Non-human animal research provides a controlled model for understanding how restricted alcohol use might increase eating behavior, yet there are a number of limitations. One key limitation is that non-human animal models cannot simulate a person’s motivation to reduce drinking; specifically, alcohol is forcibly given to and withheld from non-human animals. Non-human animal models also limit the time frame of alcohol deprivation (i.e., 5–28 days out of a 1–2-year lifespan), and the procedures control the availability of other substances (e.g., food) in the environment. In contrast, people may experience longer time periods where they are motivated to restrict alcohol use, and during these time periods, people may encounter a wide variety of other substances. Another limitation to consider in non-human animal research is that researchers may control the diet of these animals over their whole lifespan whereas people have a longer, more dynamic developmental relationship with food—one that most likely developed far earlier than any relationship with alcohol. When all these experiences are involved, is there support that restricted alcohol use increases eating?
Human Research
There is a small number of observational studies that suggest that when people are motivated to restrict alcohol intake, consumption of different types of food may increase including simple sugars, starches (e.g., potatoes, breads, cereals), sweets (e.g., candy, chocolate), and salty/spicy foods (e.g., chips, pretzels, nachos) [11,12,13]. For example, in a sample of 64 newly sober outpatients with alcoholism, researchers collected dietary information via 24-h dietary recall early into the outpatient program [11]. Results indicated that those who were sober for greater than 50 days consumed more carbohydrates compared to those who were sober for 50 days or less. In a 4-month daily diary study, participants recovering from alcoholism (i.e., sober for 3–12 months) compared to controls were more likely to eat sweet, starchy, and salty/spicy foods—especially on days that they reported higher levels of stress [13]. In sum, there is preliminary evidence to suggest that when people restrict alcohol intake, they may increase intake of certain foods.
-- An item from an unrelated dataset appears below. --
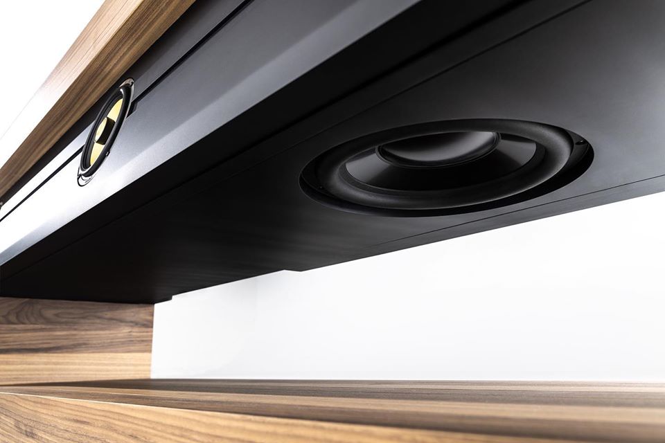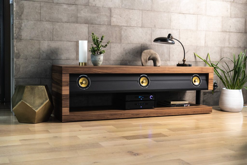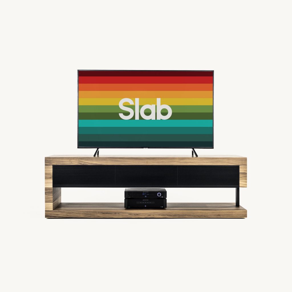 Truly built to last, the Slab Console™ is assembled by hand using the very best wood, aluminium, and composite materials on the market. These materials have been hand-selected and no two consoles will be the same as a result. The aluminium frame is backed by acoustically-transparent fabric and this expertly conceals the console’s audio prowess.

Nonetheless, there are drawbacks to these observational studies: there are few of them and none establish causality. In particular, when comparing participants who remain sober to those who do not, it remains unclear if reducing alcohol intake increases eating or if eating more food helps participants to stay sober. This directionality of effect is especially important to consider as there exist anecdotal claims that eating reduces alcohol intake [14]. Likewise, the samples across all the prior observational studies comprise participants with alcoholism. Multiple studies suggest that those with alcoholism have a general preference for sweet tastes [15]. Thus, it remains unclear if those with an alcohol use disorder generally eat more of certain foods or if the effect specifically emerges after reducing alcohol intake, albeit measuring eating prior to any reductions in alcohol intake may ameliorate this methodological drawback. Overall, there is a clear need for future experimental work to establish causality, to disentangle the direction of effect, and to tease out any confounds.
Future Research Directions
In light of the limitations of the extant literature on how restricted alcohol use may increase eating, there are several future directions for research. Establishing causality with experimental research would be a strong first step in building upon the existing non-human animal and clinical research; however, we have identified other key directions that we consider to be theoretically and practically valuable. In Fig. 1, we highlight these directions with a hypothesis-generating tool to guide future research. Researchers can choose one or more components from each box to generate a critical research question that will move the field forward.
Individual Differences
All prior clinical research is limited to samples comprising participants with alcoholism, and it seems that any effect would be limited to those with a drinking history. However, would restricted alcohol use increase eating for those who drink less frequently and at a sub-clinical level? For instance, the motivations behind restricting alcohol intake may greatly differ between someone who has an alcohol use disorder versus someone who drinks moderately. Those who have an alcohol use disorder may be trying to overcome the illness whereas those who drink moderately may be trying to improve their lifestyle more generally or to lose weight. The latter motivations may even confound the effect of restricted alcohol use on eating because—in that case—people may be motivated to restrict alcohol and food intake simultaneously.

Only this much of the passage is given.